PROBLEM DETAILS:
Retype, exactly as they appear below, the lines between the line holding "α-Antikörper und IL" and the line holding "Charakteryzuje się precyzyjnym", both ends included.

THE DATA:
⁂

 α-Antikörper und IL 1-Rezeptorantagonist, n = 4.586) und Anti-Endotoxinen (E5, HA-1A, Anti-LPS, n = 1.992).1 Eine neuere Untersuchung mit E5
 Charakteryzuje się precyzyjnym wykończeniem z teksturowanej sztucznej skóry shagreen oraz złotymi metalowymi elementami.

⁂

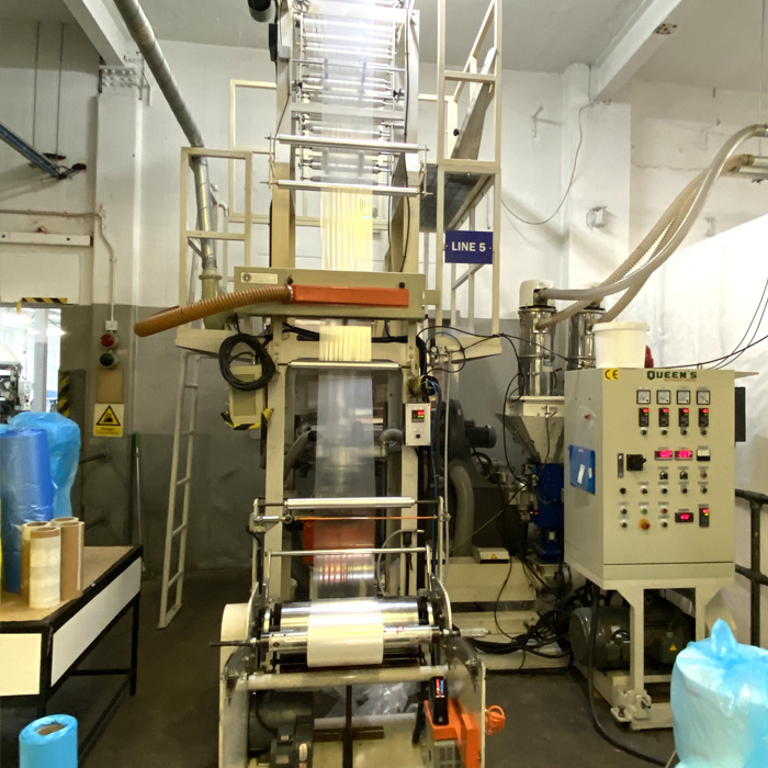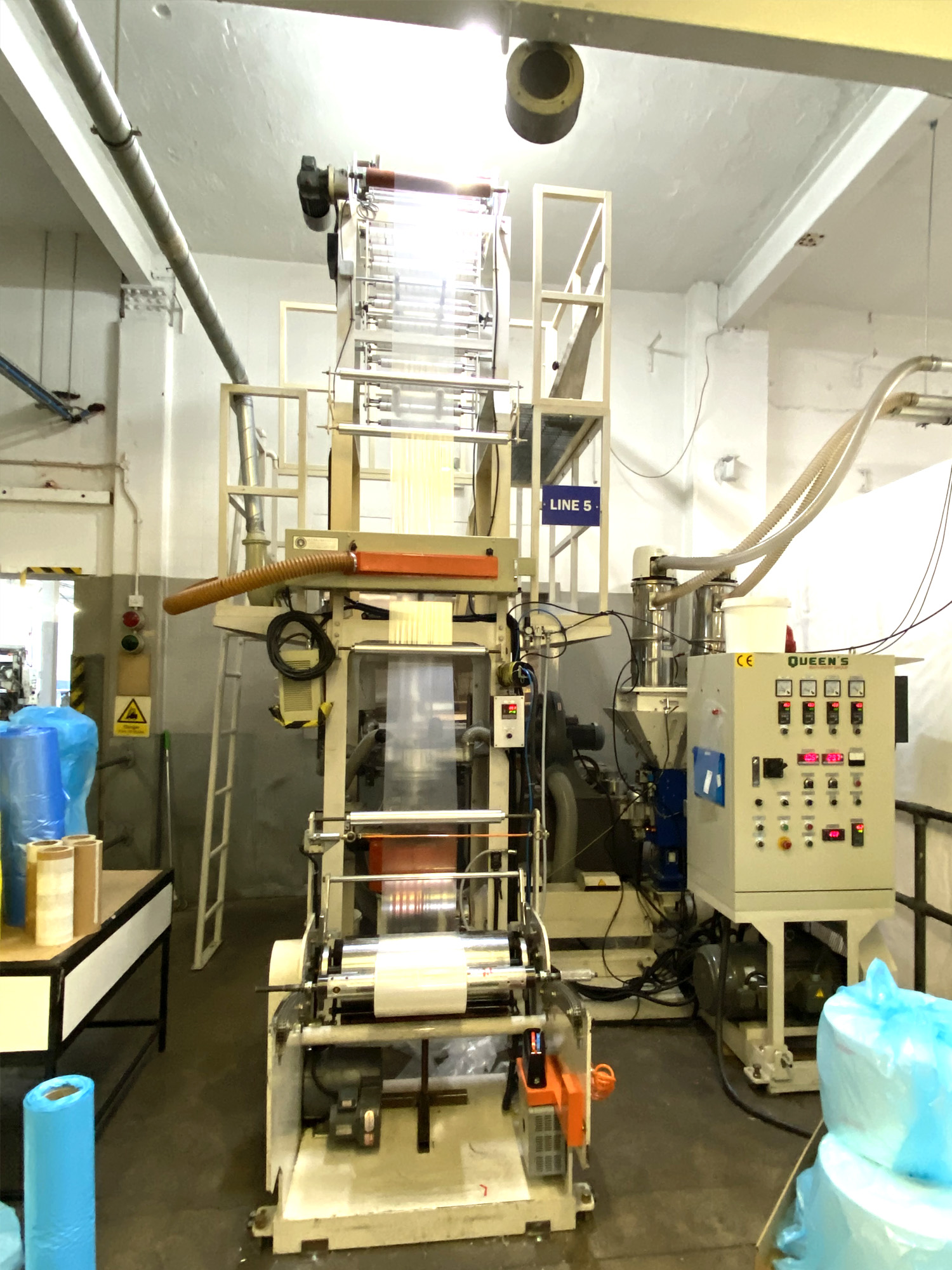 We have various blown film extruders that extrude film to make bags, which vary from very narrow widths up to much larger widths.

⁂

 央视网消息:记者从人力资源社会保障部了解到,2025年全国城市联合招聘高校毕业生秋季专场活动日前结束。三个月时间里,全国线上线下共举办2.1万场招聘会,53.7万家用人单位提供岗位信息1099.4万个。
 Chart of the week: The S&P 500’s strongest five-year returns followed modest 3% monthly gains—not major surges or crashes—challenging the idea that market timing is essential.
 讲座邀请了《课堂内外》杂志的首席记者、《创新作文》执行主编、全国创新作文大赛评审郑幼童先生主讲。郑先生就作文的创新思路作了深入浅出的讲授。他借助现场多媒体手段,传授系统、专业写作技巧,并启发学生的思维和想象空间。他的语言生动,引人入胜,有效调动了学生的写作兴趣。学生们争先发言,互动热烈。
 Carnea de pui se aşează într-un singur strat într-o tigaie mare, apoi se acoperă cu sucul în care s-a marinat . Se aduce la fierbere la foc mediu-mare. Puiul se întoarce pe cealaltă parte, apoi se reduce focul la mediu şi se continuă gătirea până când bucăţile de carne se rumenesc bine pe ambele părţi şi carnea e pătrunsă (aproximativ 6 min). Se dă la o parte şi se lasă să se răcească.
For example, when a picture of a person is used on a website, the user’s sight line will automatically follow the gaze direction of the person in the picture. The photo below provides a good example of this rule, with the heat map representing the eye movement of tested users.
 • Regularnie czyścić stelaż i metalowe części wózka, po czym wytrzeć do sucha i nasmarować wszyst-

⁂

ANSWER TO THIS TASK:
 α-Antikörper und IL 1-Rezeptorantagonist, n = 4.586) und Anti-Endotoxinen (E5, HA-1A, Anti-LPS, n = 1.992).1 Eine neuere Untersuchung mit E5
 Charakteryzuje się precyzyjnym wykończeniem z teksturowanej sztucznej skóry shagreen oraz złotymi metalowymi elementami.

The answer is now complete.